A variety of issues requiring attention have understandably been subordinated on both the congressional calendar and in the national conscience in the wake of the COVID-19 pandemic. One of those issues is legislative consideration of three now-expired surveillance authorities and other matters relating to the Foreign Intelligence Surveillance Act (FISA).
A Brief Summary of the Current Legislative Status of FISA “Reform”
When FISA was last addressed in the U.S. Capitol on March 16, 2020, the Senate had passed ameasure (S. 3501) authorizing a 77-day extension of three expiring FISA provisions: the “lone wolf” surveillance authority, the roving wiretap surveillance authority, and the business records authority that includes the ability to acquire call detail records (CDRs).
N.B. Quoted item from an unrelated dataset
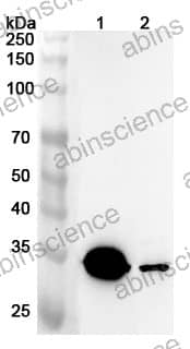 Western blot analysis was performed using anti-ACOT7 polyclonal antibody at 1ug/mL on various samples. Lane 1: Mouse brain lysate Lane 2: Rat brain lysate
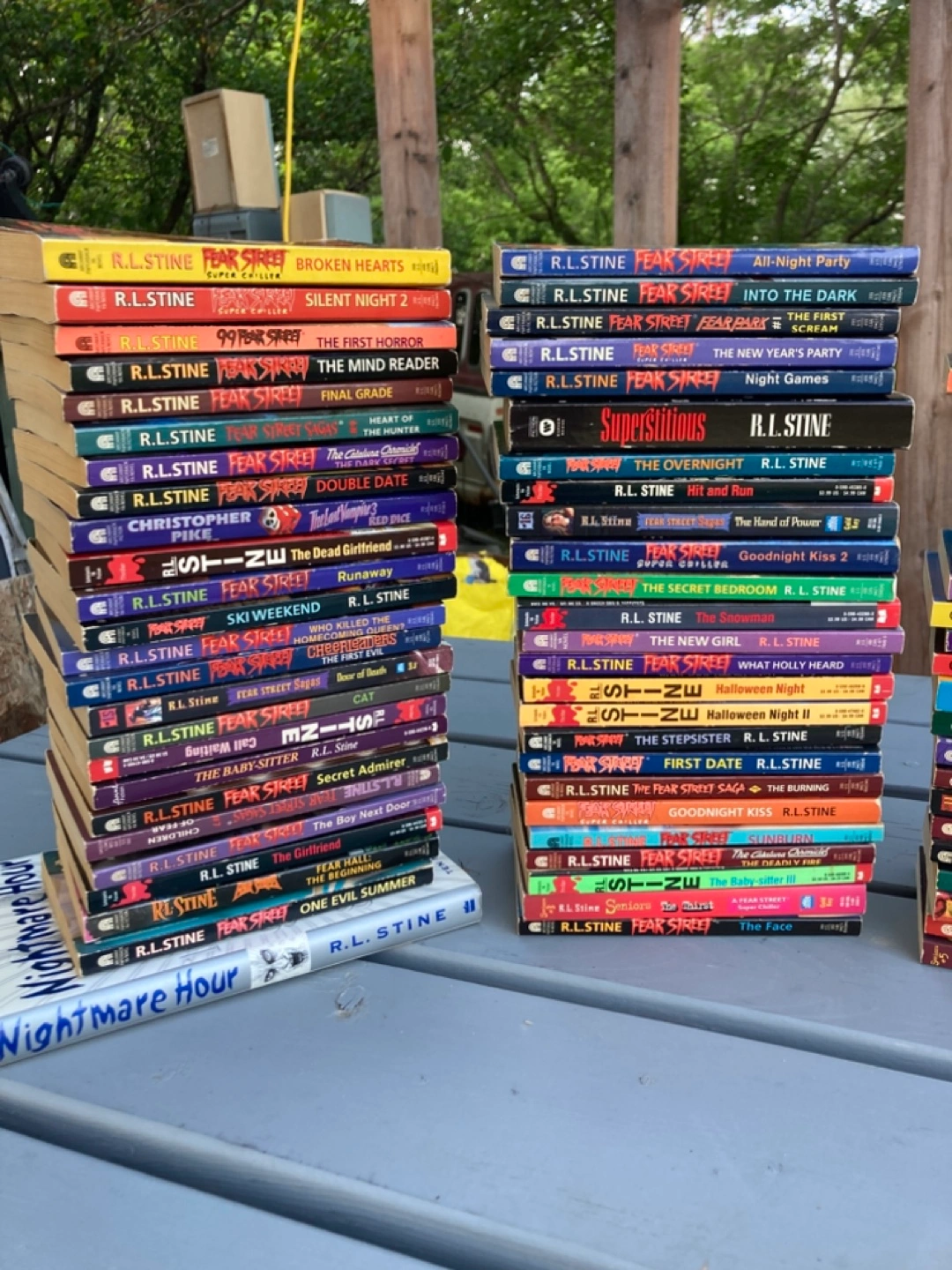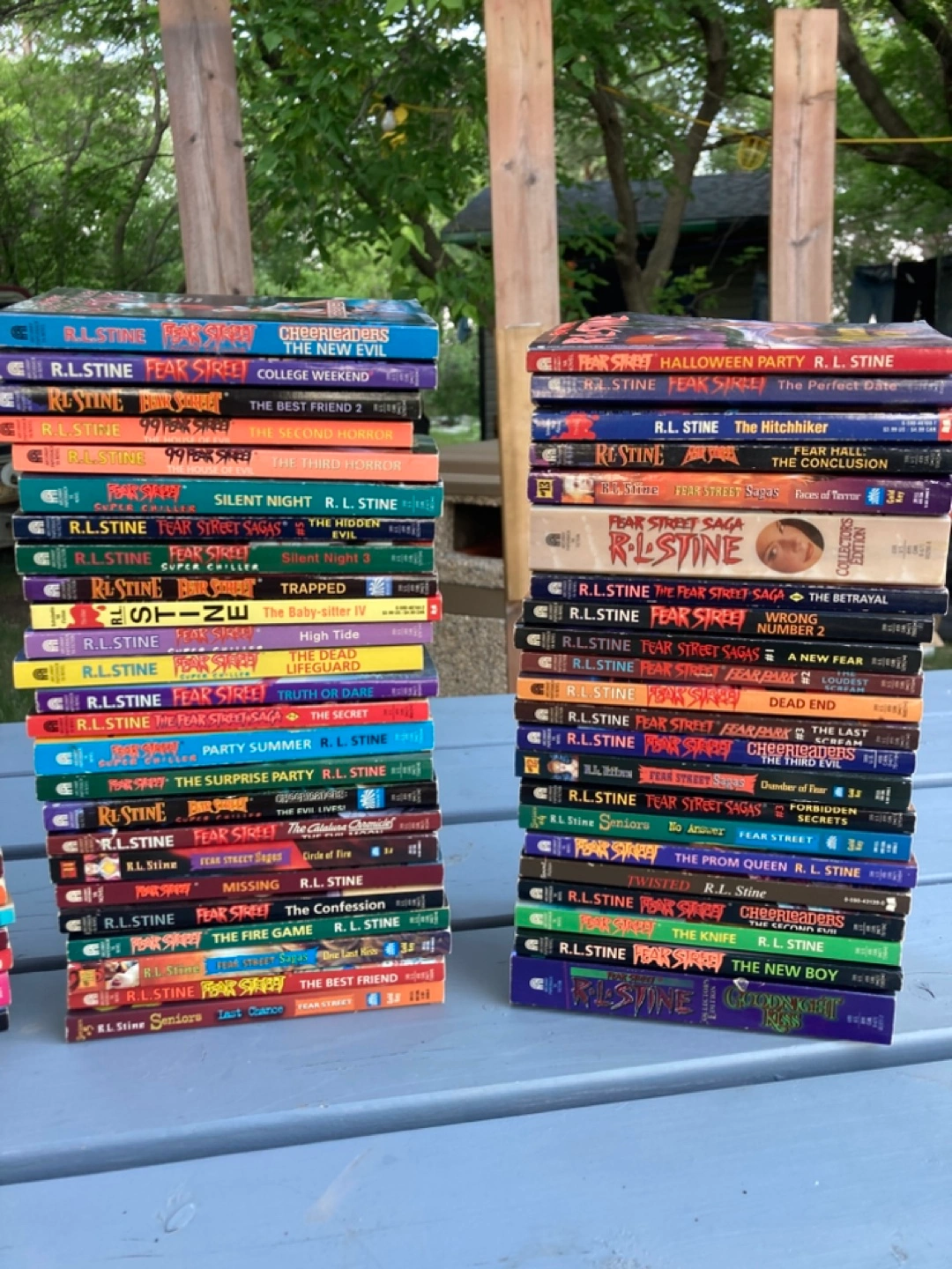 An amazing collection of Fear Street and other RL Stine books, great for anyone who enjoys thrilling reads. Features a variety of titles and colourful spines, perfect for any bookshelf. Books are in varying conditions. Reading a book like this is a great way to spend a rainy afternoon.

The Senate bill, passed a day after these FISA authorities had expired, retroactively sought to resuscitate the expired provisions and was intended as a stopgap until more comprehensive FISA legislation could be considered in the Senate. The House, which had passed its own comprehensive bill on FISA
“reform” (H.R. 6172̶—the “USA FREEDOM Reauthorization Act of 2020”) just days earlier, was in recess at the time the Senate passed S. 3501 and never took action on it. Consequently, no FISA “reform” legislation has passed both houses of Congress, and the three FISA authorities scheduled to sunset on March 15, 2020 expired.
The comprehensive legislation passed by the House (H.R. 6172) on March 10, 2020, contained a number of changes to FISA, some of which can be directly traced to the report of the Justice Department’s Inspector General (DoJ IG) Michael Horowitz that was publicly released in redacted form on December 9, 2019.